Дальше мы с Джерри начинаем играть в гляделки. Его маленькие глазки сосредоточиваются на моих, зеленоватая радужка аж увлажняется от напряжения. Не так я рассчитывал проводить вечера в Южной Флориде. Я надеялся на деликатесы и обжорство, на латиноамериканские ритмы и карибские угощения, на пышных кубинок, отплясывающих завлекательную сальсу, а в перерывах ласкающих мое тело и кормящих меня футовыми пирожками «медианоче» в патио на открытом воздухе в какой-нибудь горячей точке Саут-Бича. А вместо этого я получил невразумительную игру в какие-то фишки и шум статики из раздолбанного радиоприемника.
Мощный гул прерывает наше с Джерри состязание, пол сотрясается под моей задницей, и я понимаю, что рядом со мной на ковер только что обрушился Эдди Талларико.
– Ну как, мы тут все ладим? – спрашивает он. Тон Эдди мрачный, но никаких трав в его дыхании я не улавливаю.
– Новый парнишка ставит под вопрос наши методы, – сообщает ему Джерри. – Считает, что мы козлы, раз пистолеты используем. Я как раз собирался сказать чуваку, куда ему свою Калифорнию надо засунуть.

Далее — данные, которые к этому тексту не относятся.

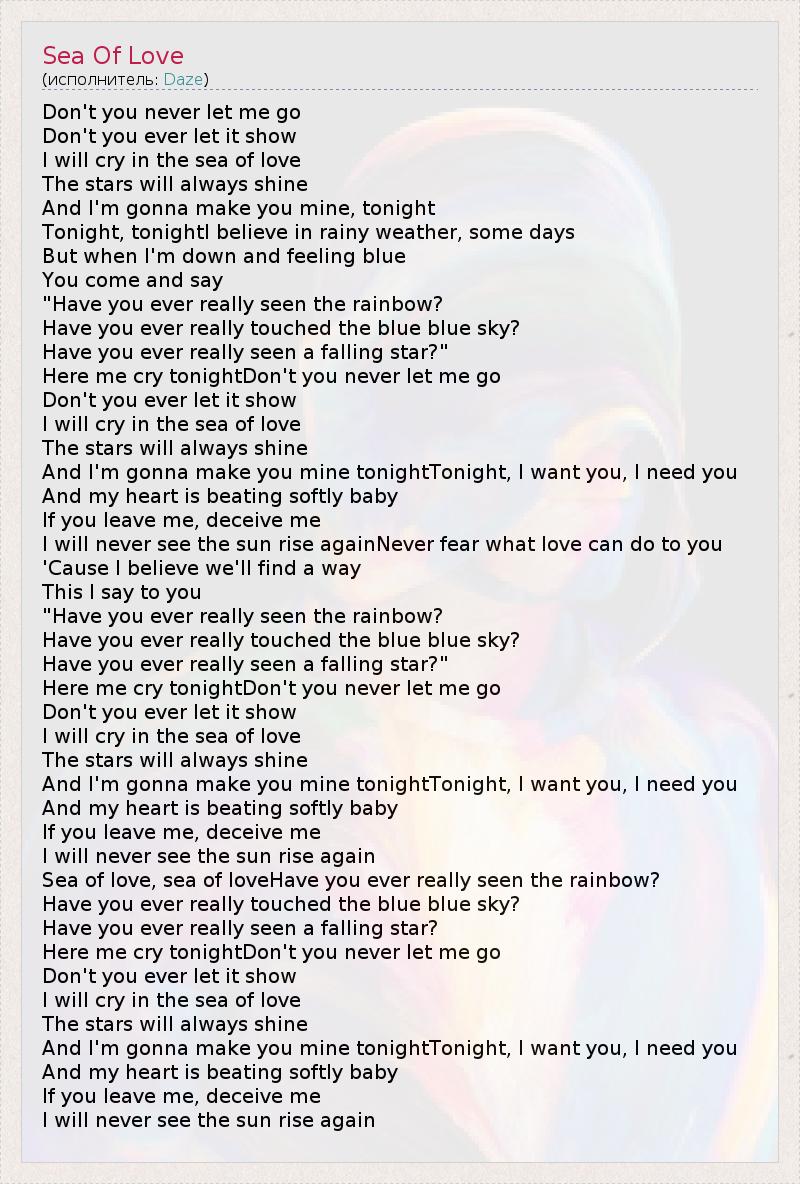 А как ты думаешь, о чем песня "Sea Of Love" ?

– Нет-нет, – говорит Эдди, – тут Винсент, может, как раз в точку попал. Уйму лет мы делали это естественным способом, и это чертовски высоко нас вознесло…
– Да, но…
– Эй! – орет Эдди, внезапно раз в шесть усиливая громкость. Вмиг он оказывается под боком у Джерри, нависая своей массивной грудой над раптором поменьше. – Ты чего, блин, отвязываешься? Ты, блин, мне дерзишь?
– Господи, Эдди, да нет.
Талларико, чье необъятное брюхо почти выплескивается через ремень, забирает в кулак хорошую пригоршню фишек маджонга. Затем он хватает Джерри за парик и запрокидывает ему голову. Нижняя челюсть Джерри отстает от остальной головы, и рот его оказывается разинут. Тогда Эдди запихивает туда всю пригоршню керамических прямоугольничков, проталкивая их мимо фальшивых зубов в настоящую диносскую пасть Джерри. Тот корчится, пытается заорать, но кроме обильных слюней и игровых фишек из него мало что выходит.
Эдди подается вперед и шепчет Джерри в самое ухо:
– В другой раз я тебе их не в пасть, а в жопу запихну.
Одной части меня хочется аплодировать, тогда как другой – присоединиться и еще малость покормить Джерри фишками. Мне интересно, куда подевалась третья часть меня – та, которой следовало бы возмутиться столь грубому наказанию за совершенно ничтожное возражение. В свое время эта часть занимала очень даже приличный процент моего мозга.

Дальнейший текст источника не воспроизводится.